Her dad, who was a Holocaust survivor from Ukraine, had previously said some things that were “quite painful”, which had put her off telling him about her sexuality.

“I wasn’t sure how he was going to respond, and I only knew one person who had come out, and their parents had not responded well,” she says.

Her mum kept her secret, and, at the time, Dalia says she didn’t recognise that was an act of “accidental allyship”.

She says: “I didn’t consider what it would be like not to tell your best friend, the man you're married to. She probably wanted to, and she didn’t.”

Some years later, when Dalia was at university, she came out to her dad with the encouragement of her brother and mother.

He dad’s response was: “’Well that is silly,’” she says. “It isn’t the worst response, but it was not the best.”

His concern for his daughter was, she says, that she would not be fulfilled or have a family.

She explains: “He was in his 70s at this point, and he genuinely didn’t think I could be very happy and live my life how I wanted to. It took a bit longer for him to understand and get used to it.”

But the moment she brought home a partner home who was able to help her dad use his computer, he soon understood the relationship dynamic was the same as with any couple.

“For some people, it is so much outside their sphere of knowledge that you can understand why they are worried for you.”

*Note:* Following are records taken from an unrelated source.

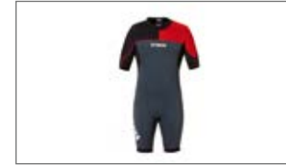
WaveRunner MEN'S SHORTY D18-AL103-B7 0S-0M-0L-1L-2L
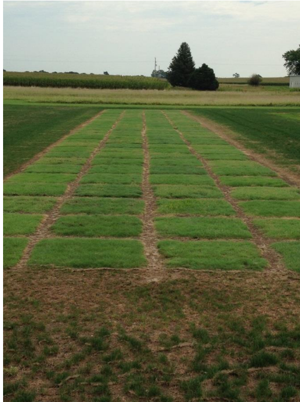
Figure 2. Performance of 40 buffalgrass accessions from an advanced evaluation trial at the UNL turfgrass research center near Mead, NE.
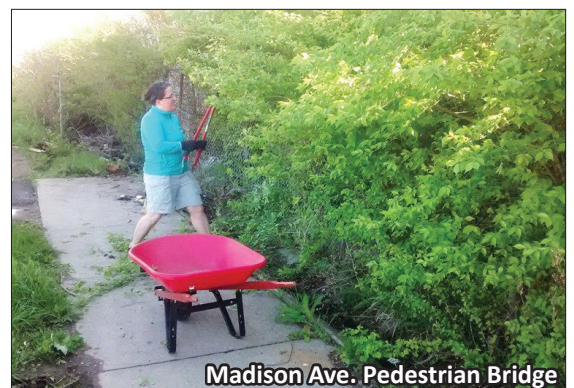
Madison Ave. Pedestrian Bridge
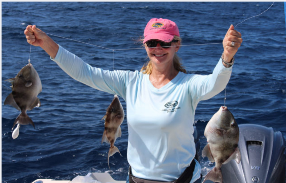
When we got on top of the triggerfish – and stayed there – triple-headers started coming over the gunwale.

YOU THINK A FEATURE LIKE THAT MIGHT HELP YOU FISH A WRECK OR REEF MORE EFFECTIVELY? DAMN STRAIGHT.
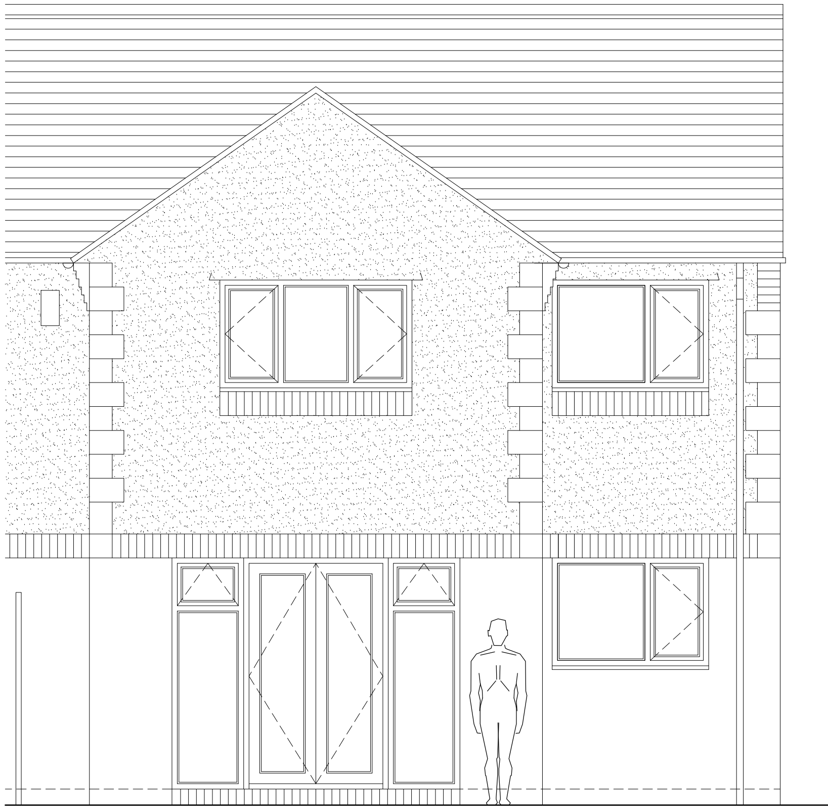
Proposed Rear (East) Elevation
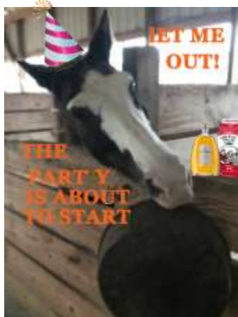
"Just fill my feed pan with rum and eggnog."
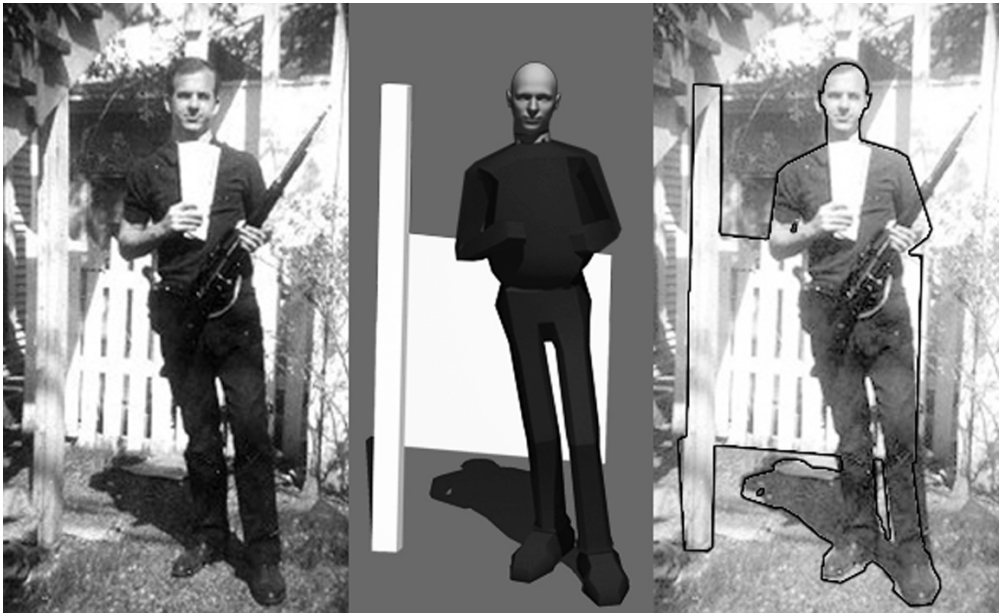
Figure 4. Oswald in his backyard (left), a 3-D reconstruction (middle), and a superposition of the reconstruction and the original (right)—the scene geometry and shadows are well matched.
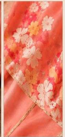
Digital Print Dupatta
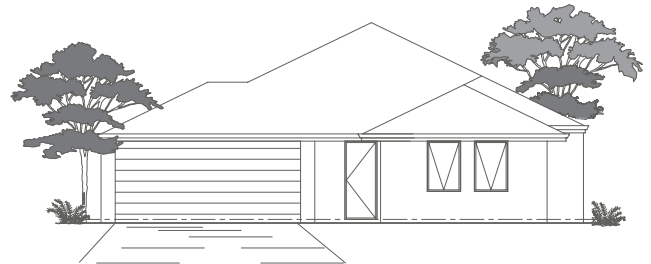
THE CHICAGO - ELEVATION 2
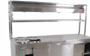
Pick up counter with Hot Case & RR System
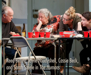
Reed Birney, Jayne Houdyshell, Cassie Beck, and Sarah Steele in The Humans
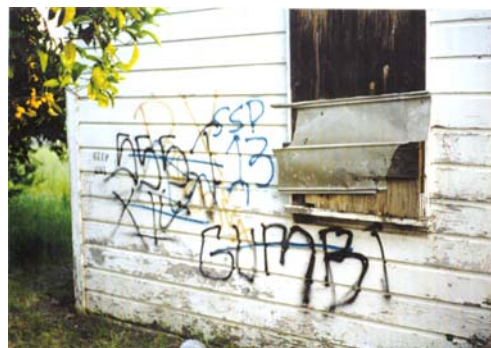
Historic buildings at the Joice-Bernal Ranch were tagged and vandalized before they were restored and turned into an interpretive center at the Santa Teresa Historic Area.
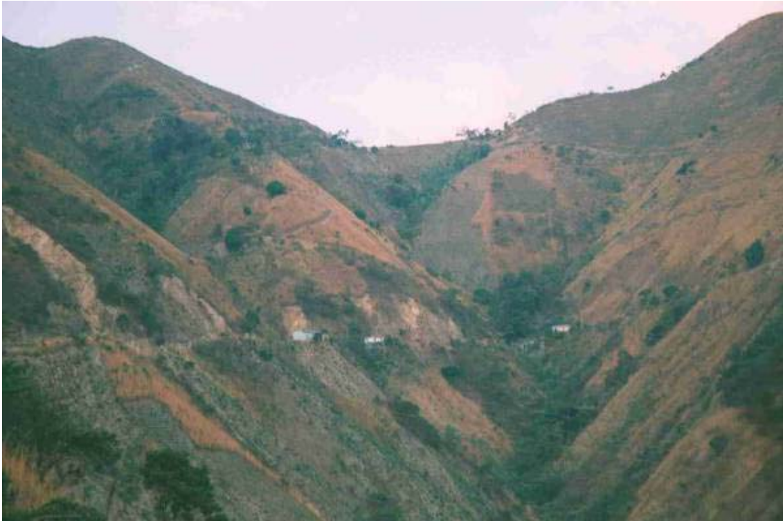
Above and right: typical deforested habitat in the foothills of the Cordillera Oriental near Aguachica, Cesar.
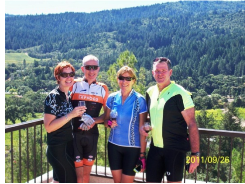
Pulling off the planned route for a tasting. The view from Sterling vineyards.
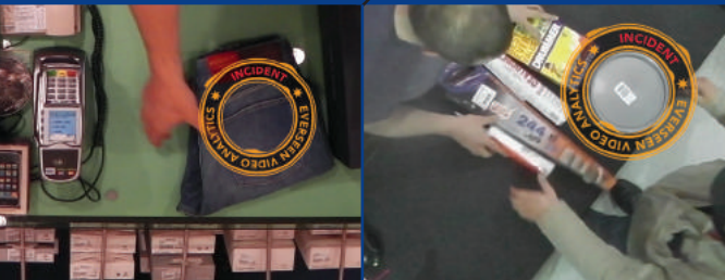
DIY: EXPRESS NON-SCAN
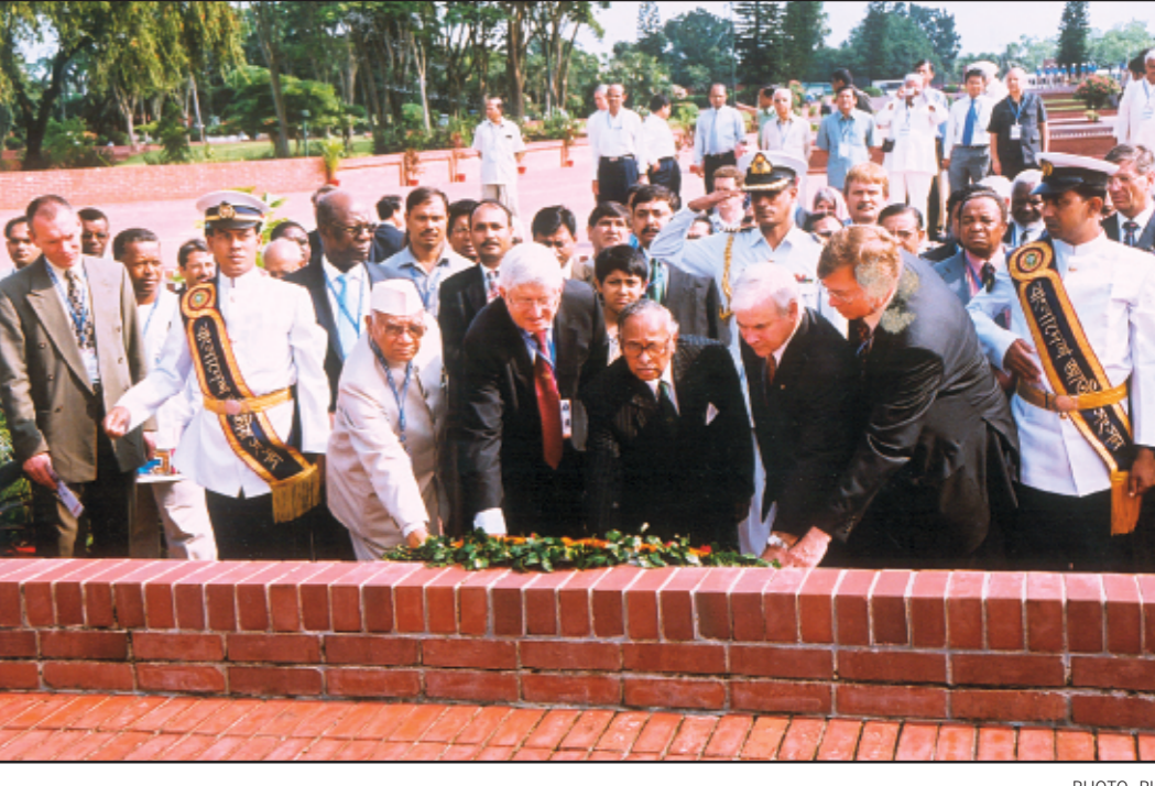
Delegates to the Commonwealth Parliamentary Association conference place wreaths at the National Memorial at Savar on Saturday to pay tribute to the Liberation War martyrs.

UNB, Dhaka President Iajuddin Ahmed and Prime Minister Khaleda Zia have conveyed their greetings and felicitations to Spanish King Don Juan Carlos and President Don Jose Maria Aznar Lopez on the occasion of the National Day of Spain. In a message to the Spanish King on Saturday, the president expressed his firm belief that the existing friendly relations between the two countries would be developed further in the years to come. Khaleda in her message to Lopez, expressed her confident that the existing bonds of friendship and cooperation, which had developed over the years, would further strengthen and consolidate in the years ahead to the mutual benefit of the two nations.
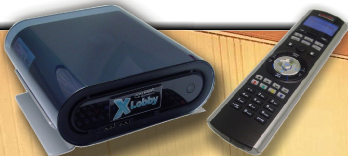
Small Compact Mini xLobby Control System

xLobbys integrated control solutions enhance your communication experience by automating and controlling environmental controls like HVAC, lighting presets and window treatments, audio / video equipment such as projectors and projection screens, DVDs and VCRs, Microphones, Cameras, Audio, Digital storage media, computers and internet access. Interface with and control room devices using IR/RF handheld presentation controller or by inwall or desktop touchscreens.
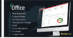
eOffice CRM v1.2 - (Accounts, HRM, Inventory, Sales)
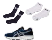
Girls Socks/Navv Boys Socks Joggers
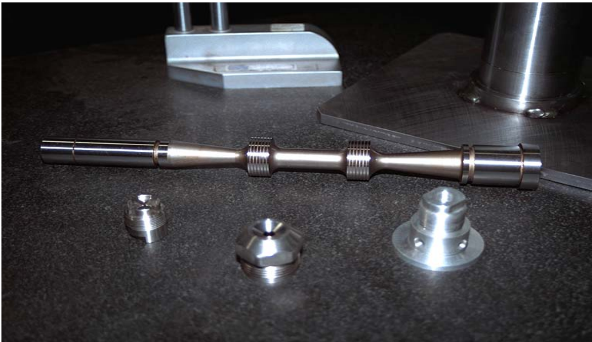
EXAMPLES OF MACHINED PARTS
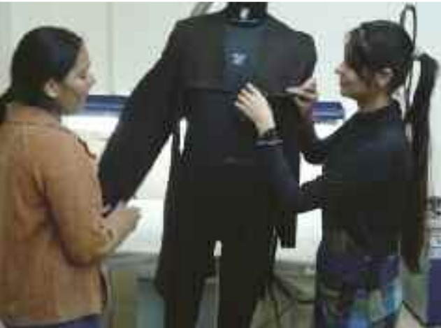
Students of BA in Fashion Design doing their practicals.

employed for specialised applications in apparel production management as applicable to both, export and the growing domestic sectors.
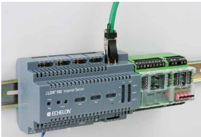
Fig. 4: Direct connection in building automation

Most of these devices are firmly installed behind wall and ceiling claddings or in the flooring and thus invisible to users of the room. In most cases, so-called room operation devices are the only indication of all the hidden technology in use. The communication between the devices is done mostly via building automation buses, such as LON, BACnet or also KNX. More and more manufacturers are changing over to integrating an Ethernet RJ45 connection in their devices, alongside the communication interface for the corresponding bus. They are thus opening up for themselves the integration in the IP communication of the LAN, which facilitates external access
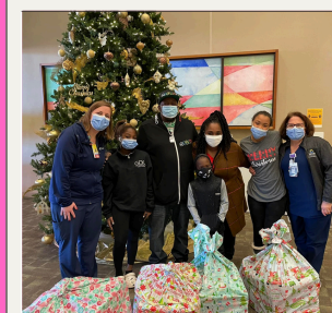
Holiday Hope Campaign
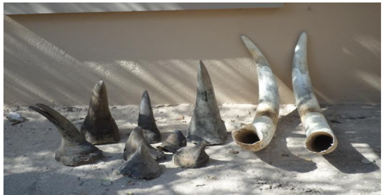
6. Rhino Hons and Ivory Seizures in LNP
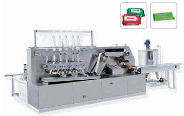
YX-5 Semi-automatic wet tissue machine
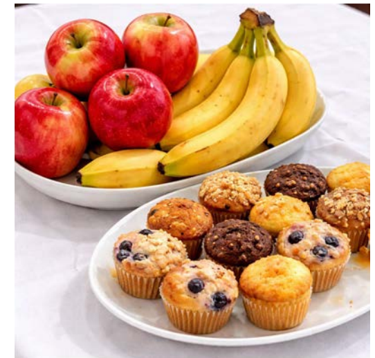
Whole Fresh Fruit and Mini Muffins
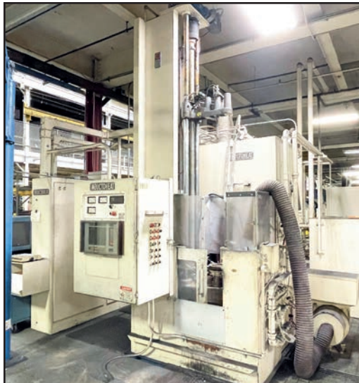
INDUCTOHEAT BSP5-300-3/10 300 KW INDUCTION HEATER

CAN-ENG QUENCH LINE , s/n 100212, w/1218-A Toolmaster Furnace and 200 Gallon Quench Tank
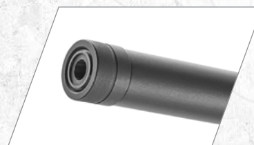
Pre-threaded 5/8x24 muzzle with knurled thread protector.

Despite progress in the Jewish community, she says it remains difficult for some LGBT+ Jews to come out, and many are “forced” to choose between their LGBT+ identity and Jewish one. But, says Dalia: “It is not a choice, is it. You are both at the same time.”

She thinks rabbis are in better places today to support congregants thanks to “access to information, but I do think it depends. The stats still show that it is harder in faith communities to come out.”

A few days after the interview, KeshetUK, together with West London Synagogue, announced that they would not be taking part in the Pride in London march this weekend after listening to members who “do not feel safe”. Instead, they will host Pride picnic for LGBT+Jews.

In previous years, a contingent of around 200 Jews have attended the march, but since October 7, pro-Palestinian groups such Queers for Palestine and some other LGBT+ marchers at the anti-Israel demonstrations have left many LGBT+Jews feeling intimidated and unwelcome. 

Earlier this month, Pride in London put out a statement on social media, accusing Israel of committing “genocide”.

Dalia acknowledged: “There are LGBT+ Jewish people struggling in certain places since October 7.

Personally, she has been “touched” by people who have reached out to her post-October 7 to offer support.

As for the position of LGBT+ Jews within the Jewish community, She says that Keshet UK will always try to “find the middle of the Venn diagram” when it comes to engaging Jewish organisations on LGBT+ issues.

“I hope the community continues to trust that we will meet them where they are and work in partnership with them rather than against.”